REQUIREMENT: From the line containing "Τα νέα εργαστηριακά" through the last line of the data, both ends included, write out every line exactly; omit the pictures.
-- DATA BELOW follows --
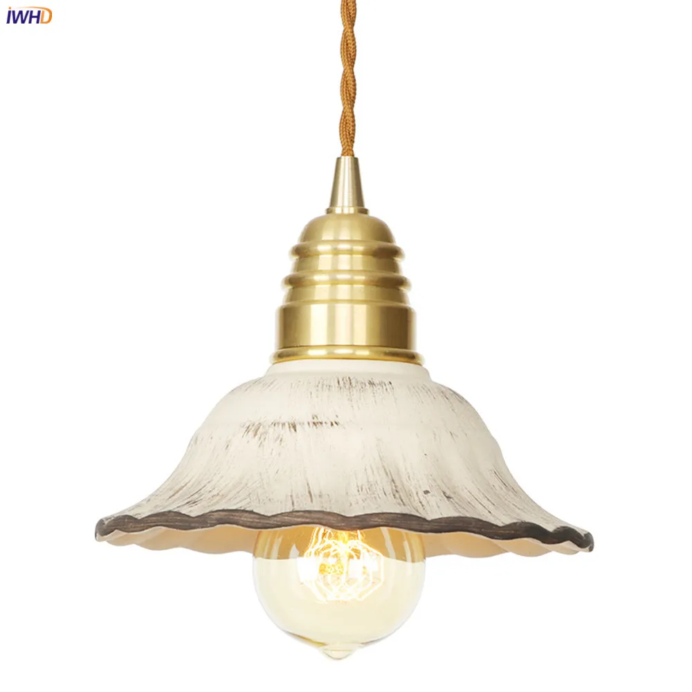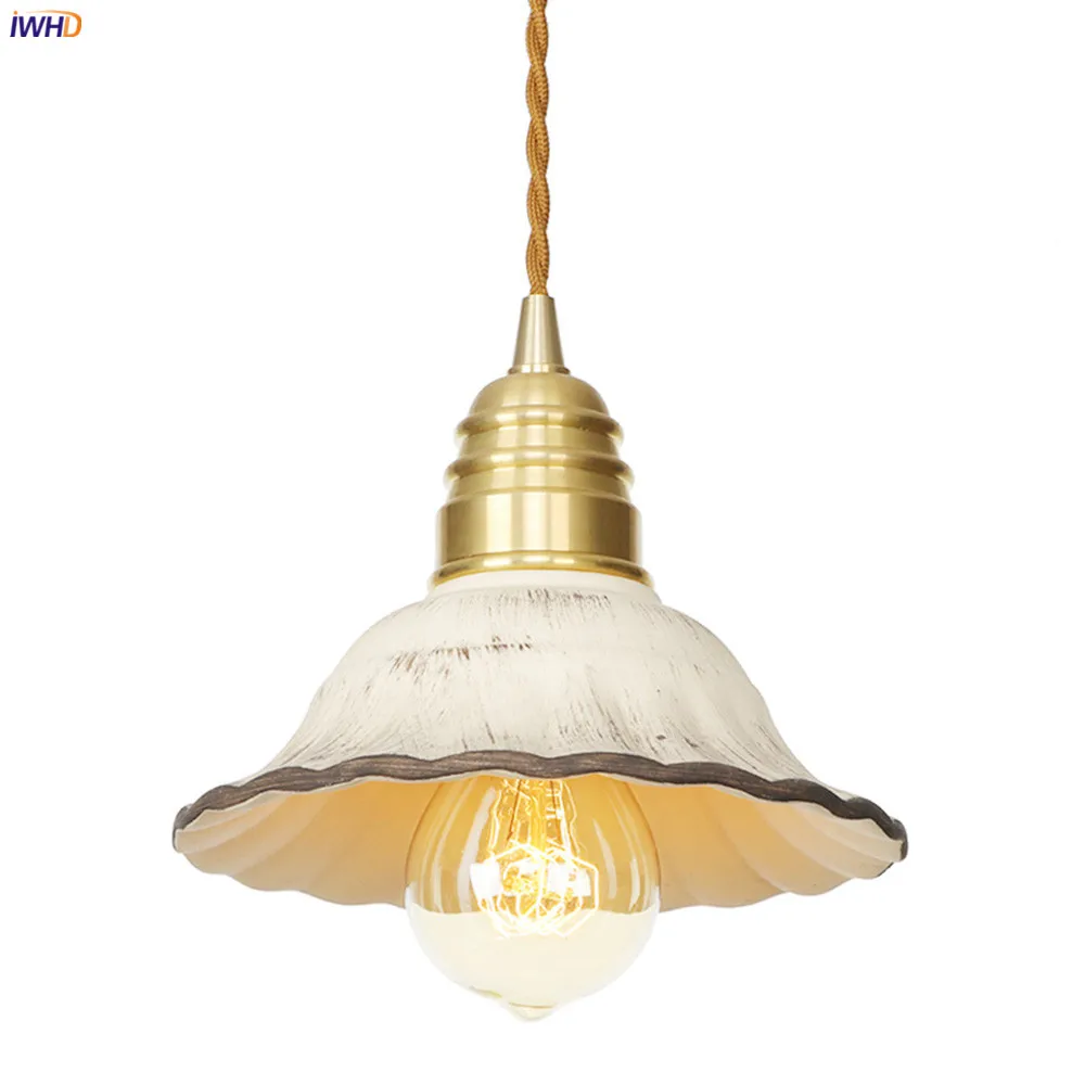 Светильник IWHD в японском стиле, светильник, прикроватный светильник для столовой, гостиной, кафе, современный Медный Подвесной светильник в скандинавском стиле, светодиодный светильник
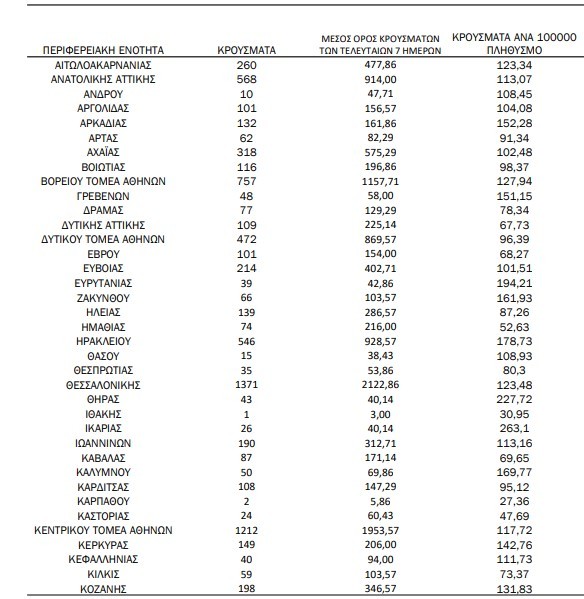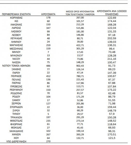 Τα νέα εργαστηριακά επιβεβαιωμένα κρούσματα της νόσου που καταγράφηκαν τις τελευταίες 24 ώρες είναι 12.462 , εκ των οποίων 24 εντοπίστηκαν κατόπιν ελέγχων στις πύλες εισόδου της χώρας. Ο συνολικός αριθμός των κρουσμάτων ανέρχεται σε 2.788.654 (ημερήσια μεταβολή +0.4%), εκ των οποίων 49.3% άνδρες. Με βάση τα επιβεβαιωμένα κρούσματα των τελευταίων 7 ημερών, 177 θεωρούνται σχετιζόμενα με ταξίδι από το εξωτερικό και 1.685 είναι σχετιζόμενα με ήδη γνωστό κρούσμα.
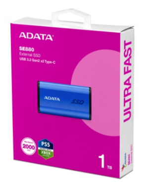 SSD Externo ADATA SE880 1TB. Interfaz USB 3.2 Gen 2 X2, Puerto USB-C. Color AZUL. Numero de parte AELI-SE880-1TCBU
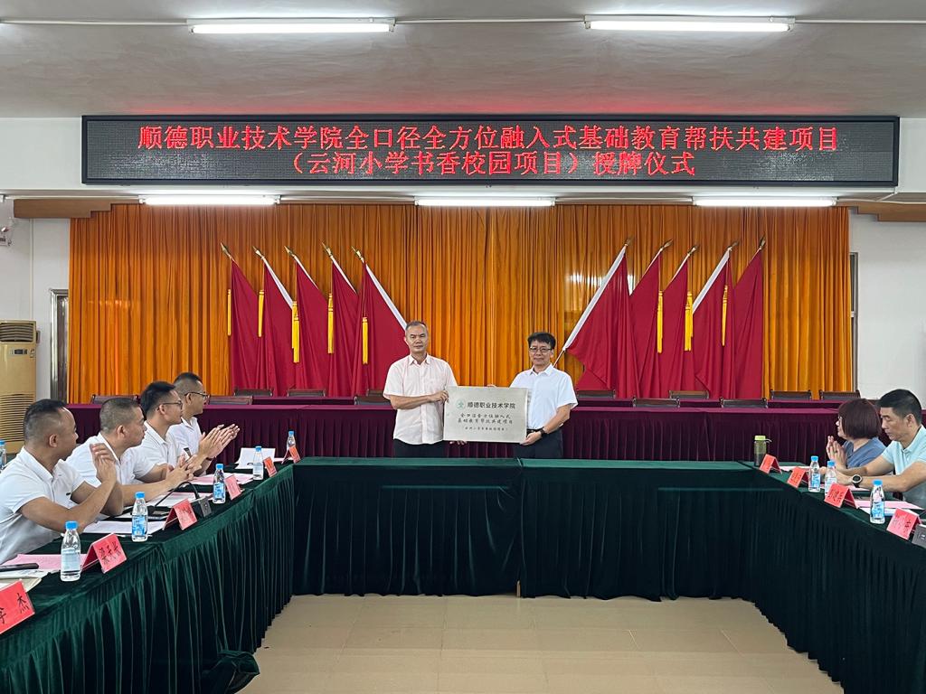 会上,杨小东代表学校为“顺德职业技术学院全口径全方位融入式基础教育帮扶共建项目(云河小学书香校园项目)”授牌,云河小学回赠德赢“奉献爱心捐书助学”牌匾。与会人员共同观看东成镇宣传短片。德赢驻村干部富译萱汇报帮扶工作阶段性成效和下一步工作计划。与会人员就工作中的问题进行探讨。
-- DATA BELOW concluded --
REPLY TO THE TASK:
 Τα νέα εργαστηριακά επιβεβαιωμένα κρούσματα της νόσου που καταγράφηκαν τις τελευταίες 24 ώρες είναι 12.462 , εκ των οποίων 24 εντοπίστηκαν κατόπιν ελέγχων στις πύλες εισόδου της χώρας. Ο συνολικός αριθμός των κρουσμάτων ανέρχεται σε 2.788.654 (ημερήσια μεταβολή +0.4%), εκ των οποίων 49.3% άνδρες. Με βάση τα επιβεβαιωμένα κρούσματα των τελευταίων 7 ημερών, 177 θεωρούνται σχετιζόμενα με ταξίδι από το εξωτερικό και 1.685 είναι σχετιζόμενα με ήδη γνωστό κρούσμα.
 SSD Externo ADATA SE880 1TB. Interfaz USB 3.2 Gen 2 X2, Puerto USB-C. Color AZUL. Numero de parte AELI-SE880-1TCBU
 会上,杨小东代表学校为“顺德职业技术学院全口径全方位融入式基础教育帮扶共建项目(云河小学书香校园项目)”授牌,云河小学回赠德赢“奉献爱心捐书助学”牌匾。与会人员共同观看东成镇宣传短片。德赢驻村干部富译萱汇报帮扶工作阶段性成效和下一步工作计划。与会人员就工作中的问题进行探讨。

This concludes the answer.